I realise I am speaking generally, but I do so honestly because that question has become my guiding principle when I truly feel like hanging up my battered gloves. And I truly believe that it can unfold a few mysteries in your own life as well.

I sincerely hope that it can be a guiding light as you go through your own personal rubble in the broader scheme of things that cause untold pain and anxiety and hopelessness.

This basic, piercing question is beautiful in the way it is posed because it does not prescribe nor does it restrict anyone that adversely derails the healthiness and the wellness and the speed with which we drive our lives.

This personal question seeks to assist us, individually, to find our own truths and it will therefore help us in dealing with that truth and hopefully finding lasting peace and contentment in the things we have accomplished, or those dreams we have failed to reach.

I humbly urge you, my brothers and sisters, from Palestine to Israel, Christians and atheists, Tutsis and Hutus, infected and affected, to re-dedicate ourselves to finding peace, harmony and tranquility in our lives.
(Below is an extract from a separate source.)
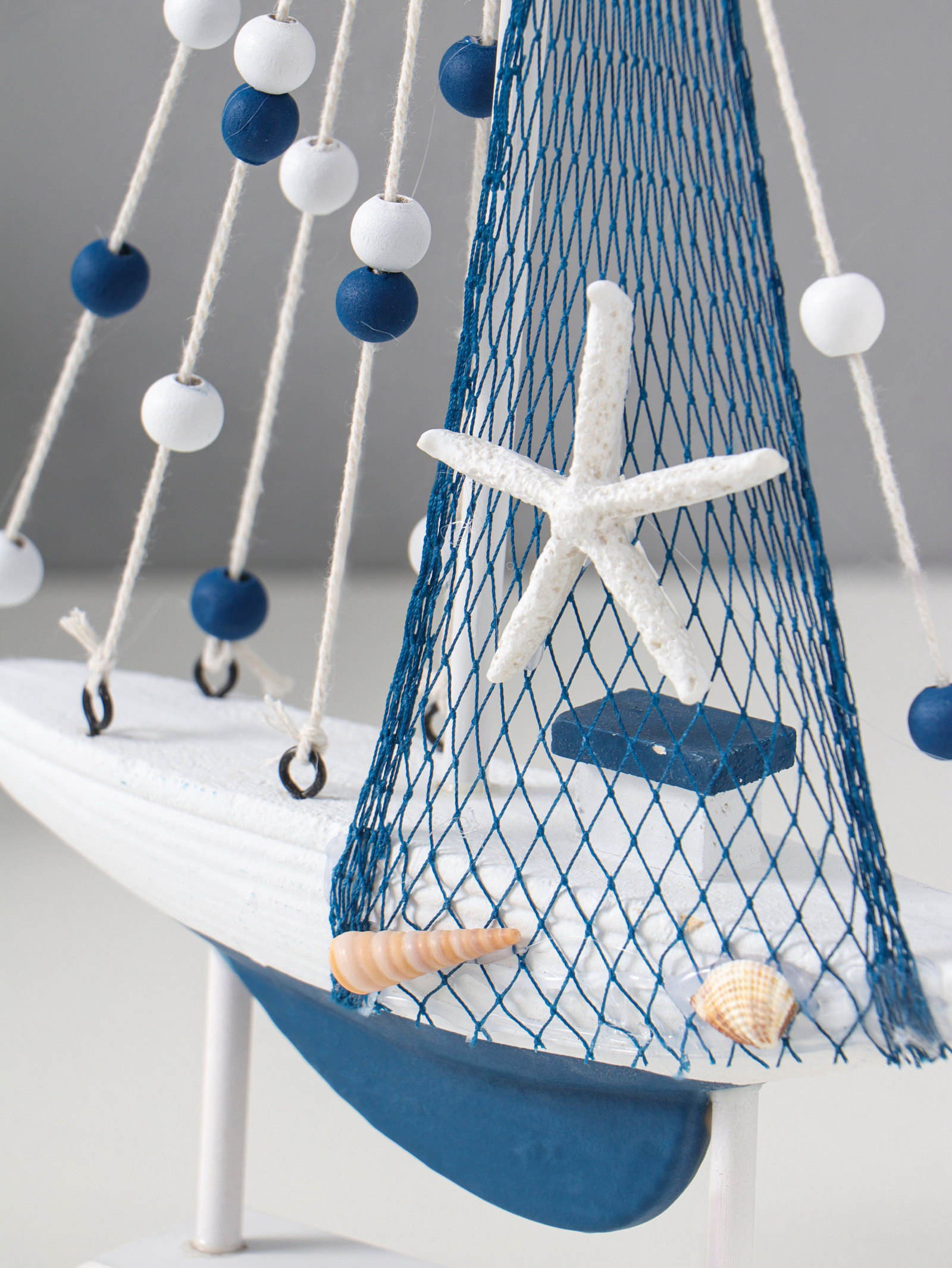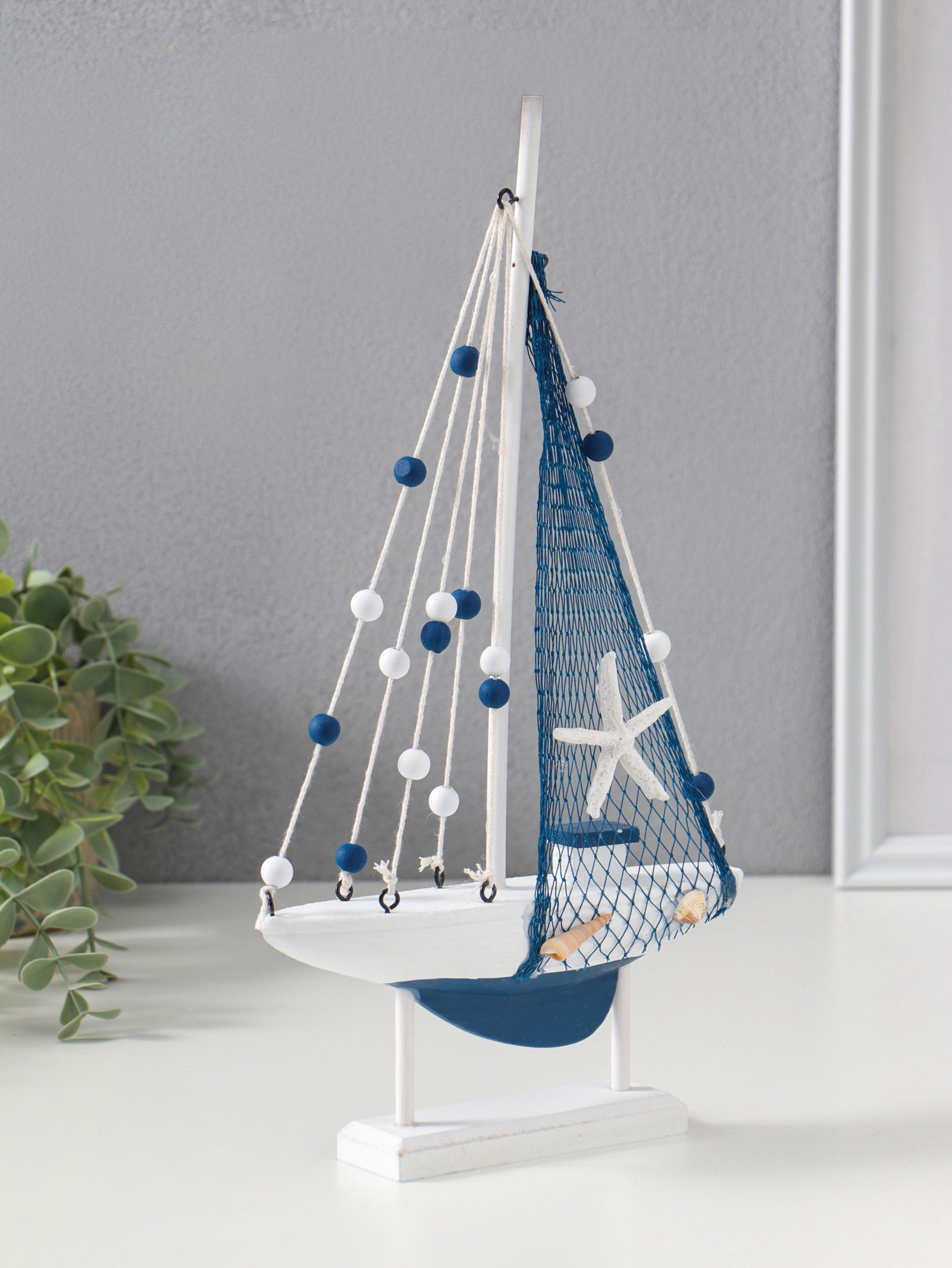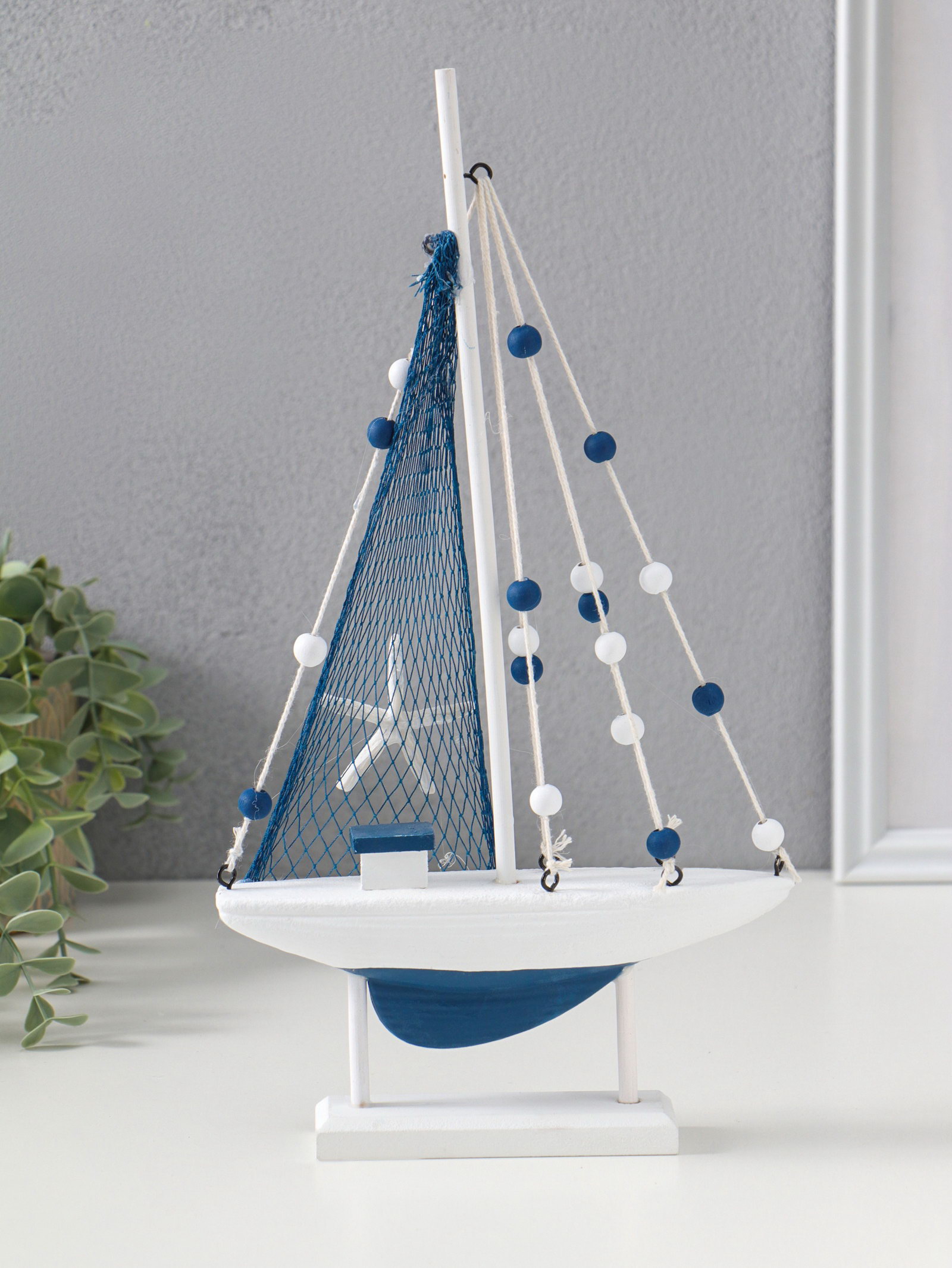 Сувенирная модель корабля дерево "Парусник с морской звездой на парусе", бело-синий, 17.5x4x31 см, 4x17.5x31 см., Китай

Not withstanding the negative historical circumstances that continue to haunt and shape our thoughts and attitudes towards one another as well as how to cope and deal with those anomalies that continue to haunt our consciences.

It is imperative that we seek and fight for justice and equality within our own inner souls before we attempt to change the world.

It is crucial that we find common ground and love and understanding and acceptance of our truths before we can hope to impact positively on anyone else. This is the greatest truth I learnt last year when my own ship was sinking, when my confidence was at its lowest ebb.

As we enter the new year, I pray that you can find peace in your soul and in others as well.

God bless all of you. I love you forever.